WHAT TO PRODUCE:
Range to copy from the entries below: the line containing "36美分/瓦的價格低于早先大" through the line containing "Outdoor barkruk van", inclusive. Retype only those lines, exactly, without any images.

Items from a data source:
- Opening Delimiter -

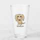Enjoy a pint of your favorite cold beverage out of this original 16 oz drinking glass. Longhaired English Cream Dachshund with custom text for your name or slogan. Makes a fun personalized gift for wiener dog lovers. Visit Jenn's Doodle World for more custom drinkware and cute Doxie themed home decor.
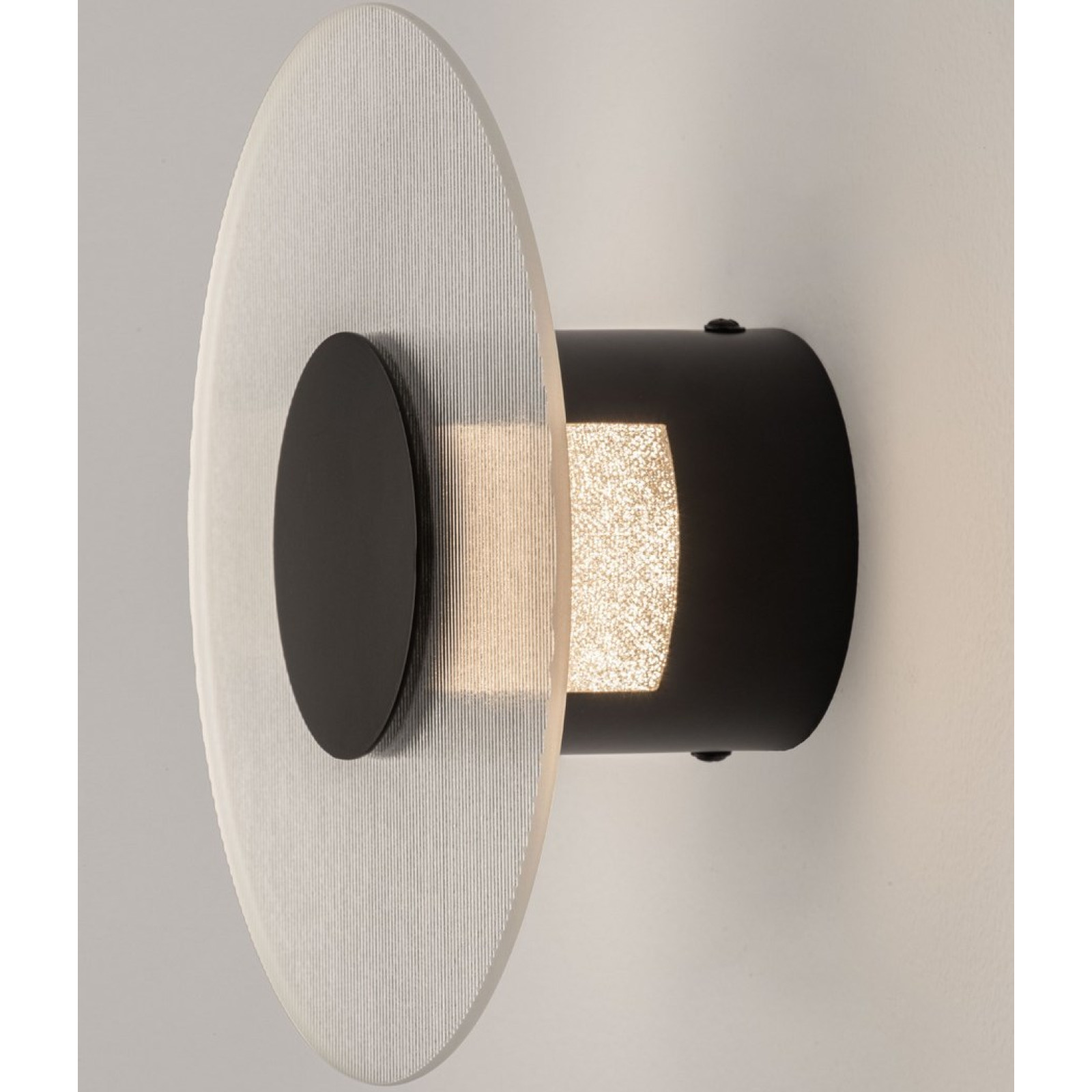 Aplica moderna pentru interior Nova Luce Vetrio 9236424 cu iluminare indirecta, cu structură din metal vopsit negru mat si dispersor din sticla striata transparenta. Echipată cu LED-uri SMD 6W, cu temperatura de culoare alb cald 3000K. Flux luminos maxim 203 lumeni.
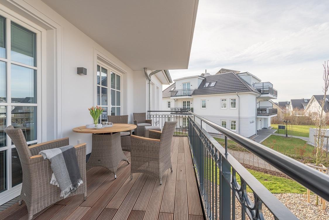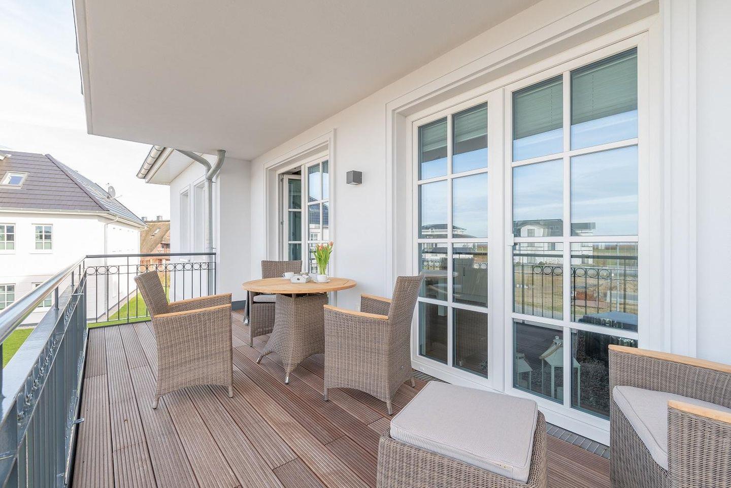 Zugang zum großzügigen Balkon mit Tisch und vier Stühlen. Von hier aus können
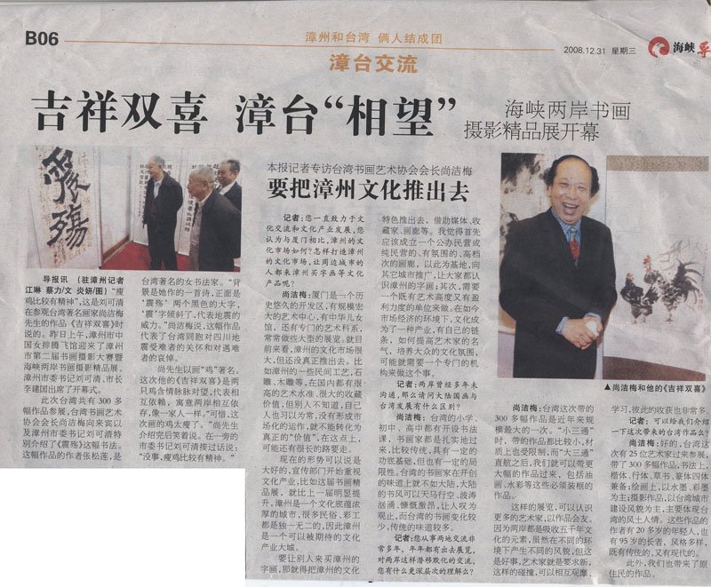 2008.12.31 海峽導報 漳州市委書記劉可清、市長李建國參觀張松蓮「震殤」之書法作品
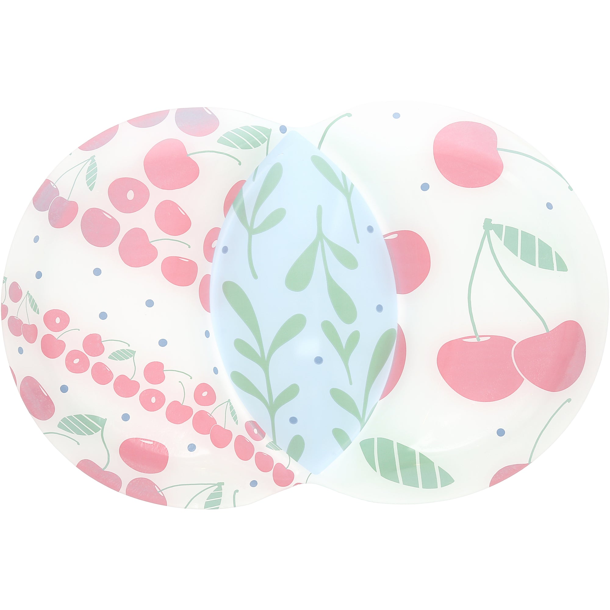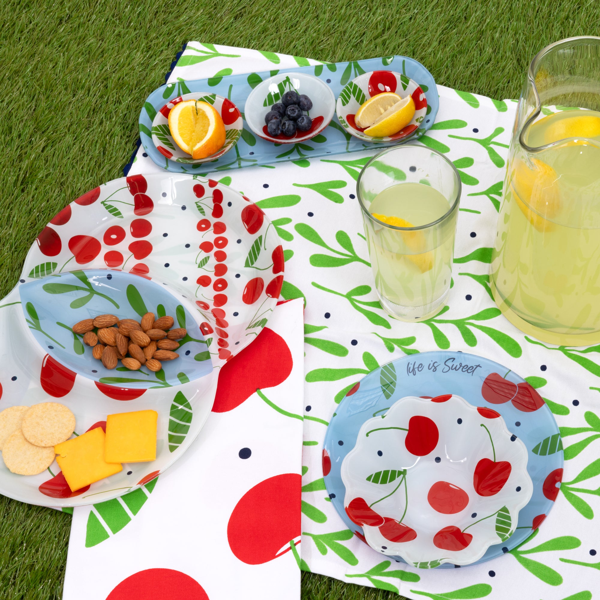 - IN-HOUSE DESIGN: The left section has some large cherries and blue polka dots above and below on a white background. The center section has a blue background with greenery leaves and blue polka dots. The right section has a combination of greenery, polka dots, and small/medium-sized cherries on a white background.
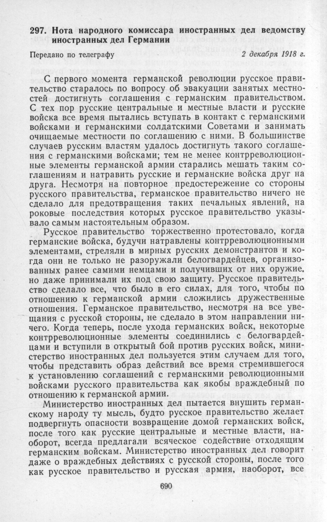 Нота народного комиссара иностранных дел ведомству иностранных дел Германии. 2 декабря 1918 г. // Печат. по АВП СССР.; «Известия» № 264 (528), 3 декабря 1918 г.
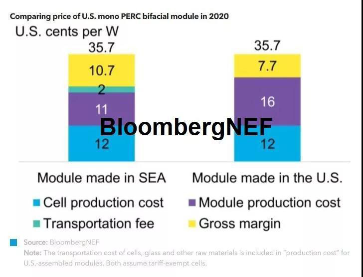 36美分/瓦的價格低于早先大多數(shù)對美國2020年組件價格的預期(40美分/瓦),但高于世界其它地區(qū)23美分/瓦的組件單價。之所以如此,是因為美國對從中國進口的電池片和組件征收包括反傾銷稅與反補貼,201及301關稅,使原產(chǎn)于中國的電池片和組件無法供應美國市場進而導致價格扭曲。雙面組件的免稅優(yōu)勢將一直保持到2022年2月,即201關稅條款終止之時。
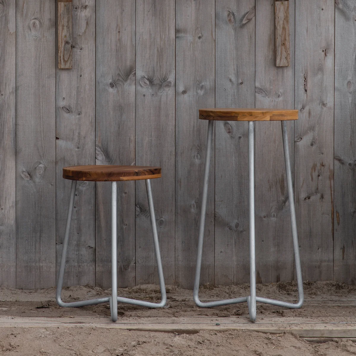 Outdoor barkruk van thermisch verzinkt staal en teakhout
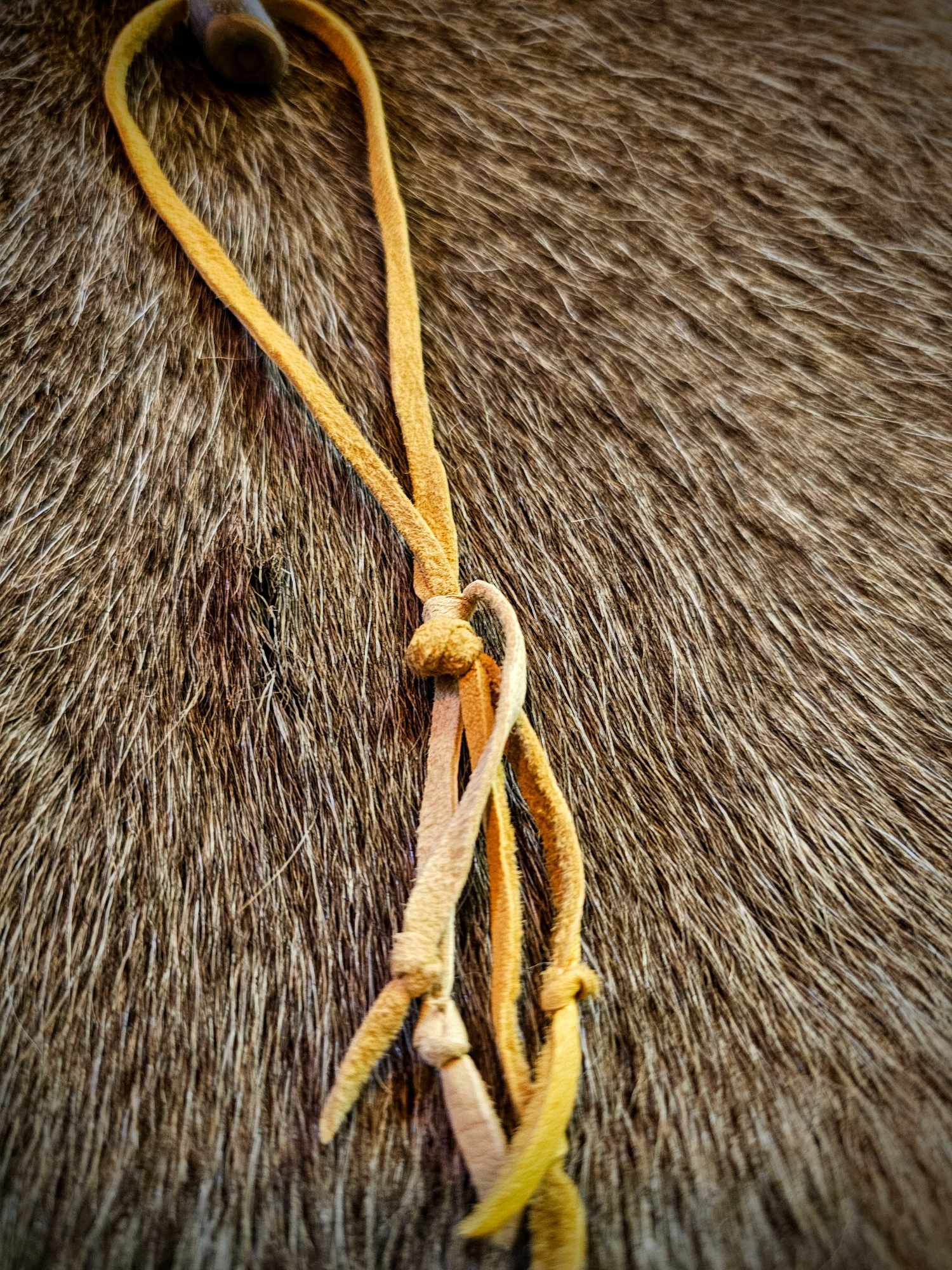 The Horse for its speed and swiftness, the Bear for it's strength, the Elk for its endurance, and the buckskin for grip and sure-footedness. The granite tumbled smooth by mountain streams near my home, and the Ash is a hardwood yet flexible enough for working. The history of brass dates back to around 5,000 BCE but nothing is quite as old as stone so these beads are not only decorative but included as a nod to humankinds progress and constant drive forward.
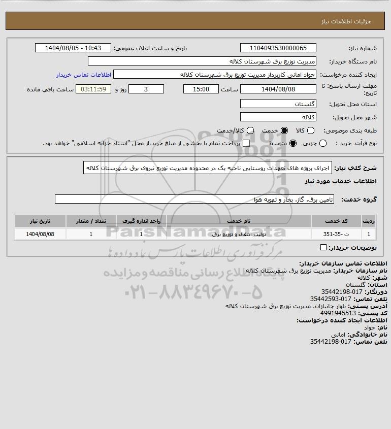 شرح کلی نیاز: اجرای پروژه های تعهدات روستایی ناحیه یک در محدوده مدیریت توزیع نیروی برق شهرستان کلاله
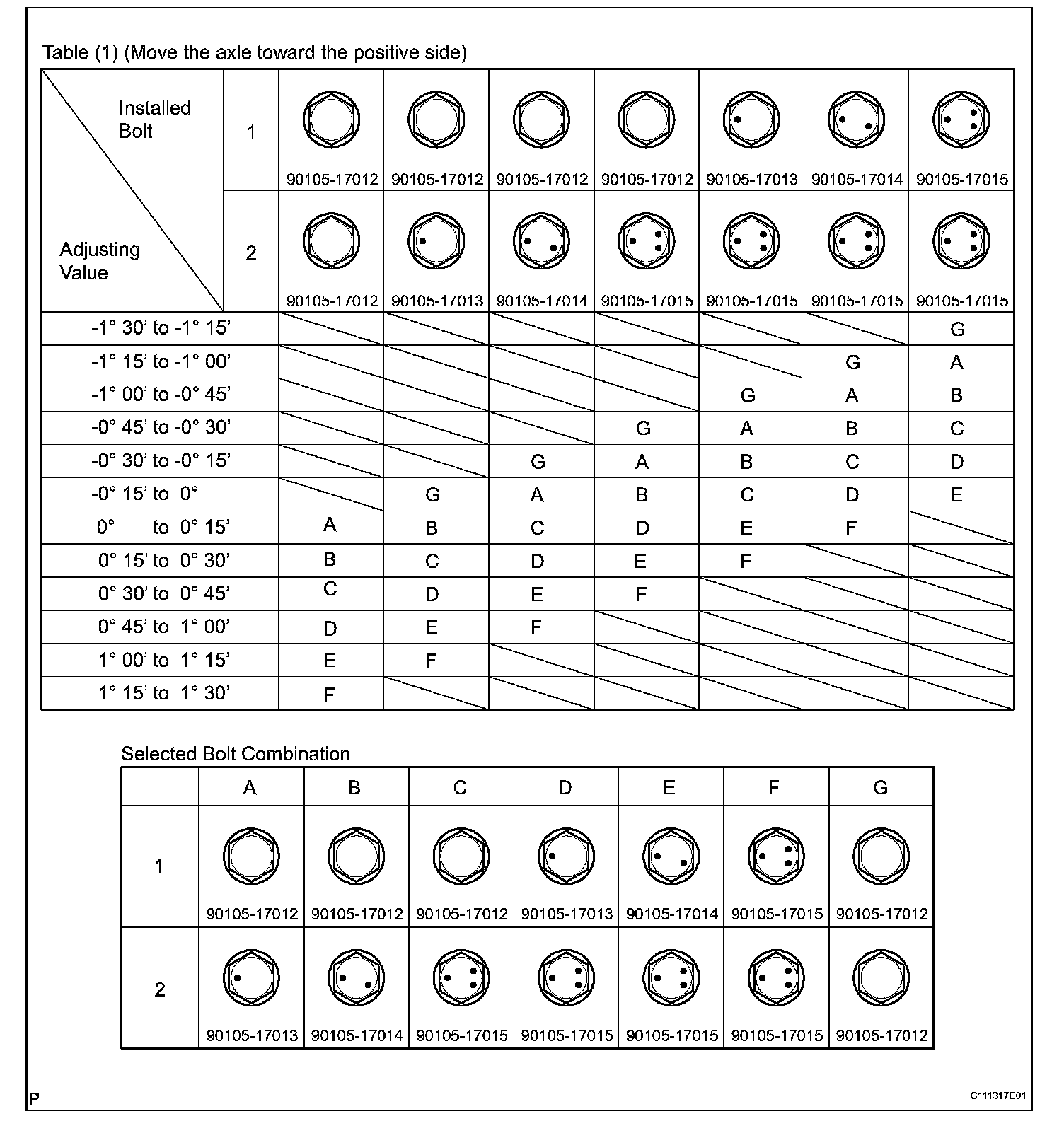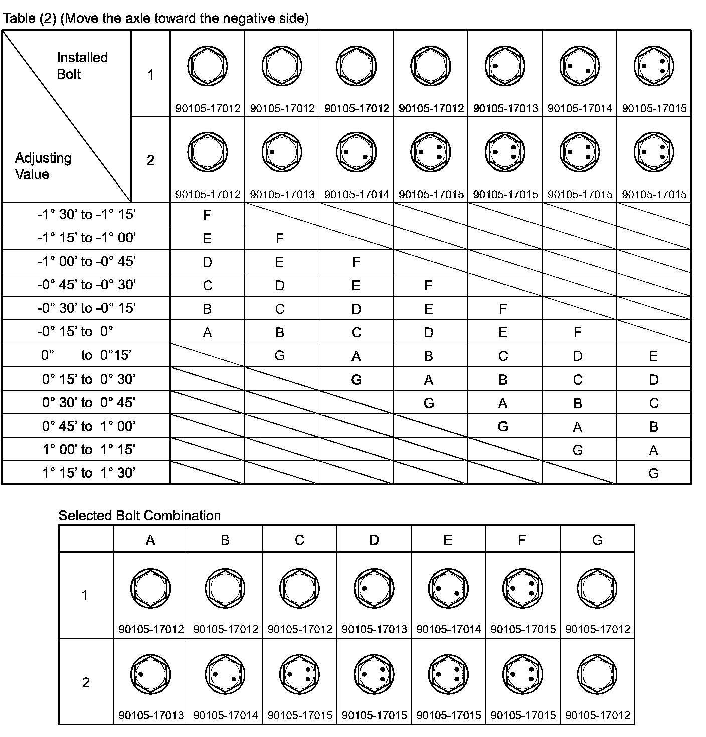 Check the combination of installed bolts. Select appropriate bolts from the table to adjust the camber to the specified value.

- Closing Delimiter -

COMPLETED EXERCISE:
 36美分/瓦的價格低于早先大多數(shù)對美國2020年組件價格的預期(40美分/瓦),但高于世界其它地區(qū)23美分/瓦的組件單價。之所以如此,是因為美國對從中國進口的電池片和組件征收包括反傾銷稅與反補貼,201及301關稅,使原產(chǎn)于中國的電池片和組件無法供應美國市場進而導致價格扭曲。雙面組件的免稅優(yōu)勢將一直保持到2022年2月,即201關稅條款終止之時。
 Outdoor barkruk van thermisch verzinkt staal en teakhout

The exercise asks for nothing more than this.